Thursday, March 12, 2009

Dr. Clifford Wirth's Big Mistake Super Sized My Oil Glut

(Fair warning: this is a long one, so grab a drink:))

Dr. Wirth screwed up bad. He tried to pull off a miracle upset for the peak team on the game's last play, but his Ph.D. couldn't save him from his own stupidity. Yesiree... after he "Lambeau Leaped" into the stands to celebrate his 45-yard touchdown run... he realized, after the fans' clawing wrath, he scrambled into the wrong end zone and the clock axed his team!

I first remembered Dr. Clifford when he roamed around the halls of the Internet last year, incessantly screaming this blathering doom prophecy like an annoying banshee:

"Oil prices are set to skyrocket: According to energy investment banker Matthew Simmons and most independent analysts, global oil production is now declining, from 74 million barrels per day to 60 million barrels per day by 2015. During the same time demand will increase 14%.This is equivalent to a 33% drop in 7 years. No one can reverse this trend, nor can we conserve our way out of this catastrophe. Because the demand for oil is so high, it will always be higher than production; thus the depletion rate will continue until all recoverable oil is extracted. Alternatives will not even begin to fill the gap. And most alternatives yield electric power, but we need liquid fuels for tractors/combines, 18 wheel trucks, trains, ships, and mining
equipment..."

This is what happens when you become Mexico's finest peak freak: you don't realize that you can run tractors/combines (hydrogen and electric), trains (you're embarrassing yourself, Clifford), ships (it's the armed forces, but they gave us the internet), semis, and mining equipment on electric power! Didn't he know diesel locomotives are actually diesel-electric hybrids - have been for decades? The diesel engine is, in effect. a diesel generator; we’ve had electric trolleys since the 19th century.

Anyway, Dr. Clifford recently went to Tijuana to load up on peak oil kool-aid for his best performance; this is what he blathered while hooked up to the half-barrel...

“Global crude oil production had been rising briskly until 2004, then plateaued for four years.

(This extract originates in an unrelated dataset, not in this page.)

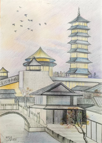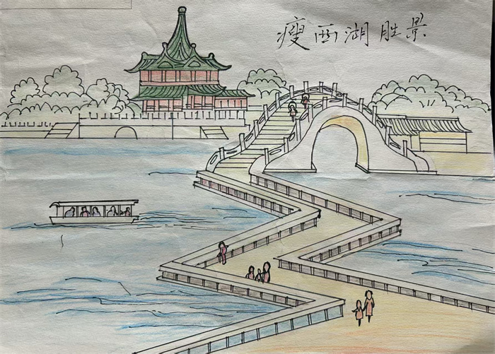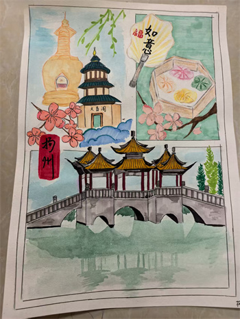暑假期间,我校向有绘画特长孩子征集作品,进行以扬州城风貌为主题的绘画创作,经评审有12幅作品入展。9月2日上午12位同学们的作品在珍宝馆作为特展进行展示。

Because oil producers were extracting at maximum effort to profit from high oil prices, this plateau is a clear indication of Peak Oil.Then in August and September of 2008 while oil prices were still very high, global crude oil production fell nearly one million barrels per day, clear evidence of Peak Oil (See Rembrandt Koppelaar, Editor of "Oil Watch Monthly," December 2008, page 1)”

Since peakers have a memory retention of a bumble bee when recalling their failed predictions, I decided to make sobering sense out of info. seen through kool-aid goggles. First, he had the wrong address (you can find it here); secondly, his puzzle was solved in a matter of minutes, plus I made a bigger discovery - additional light on the size of the glut and how much bigger it could have was gained. Let's start with this:


Okay, production dropped by a million in September, and another thing Clifford didn't mention, it dropped more than a million the month before. This is nothing to worry about and everything will be explained in a bit. Let me explain August: The August drop was caused by a sharp, but coincidental and momentary drop in production by a group of non-OPEC producers. Such drops are known to occur, with instant rebounds coming a month or so down the road. For example:


Aberizan took an August vacation in 2007, and rebounded in September with no effect; and production went into the infirmary last year, around August, taking roughly 500,000 bpd with it. This chart only goes to October.Also among our list of guilty partners, we have (EIA goes to October):

And Norway with four weeks of European vacation in August...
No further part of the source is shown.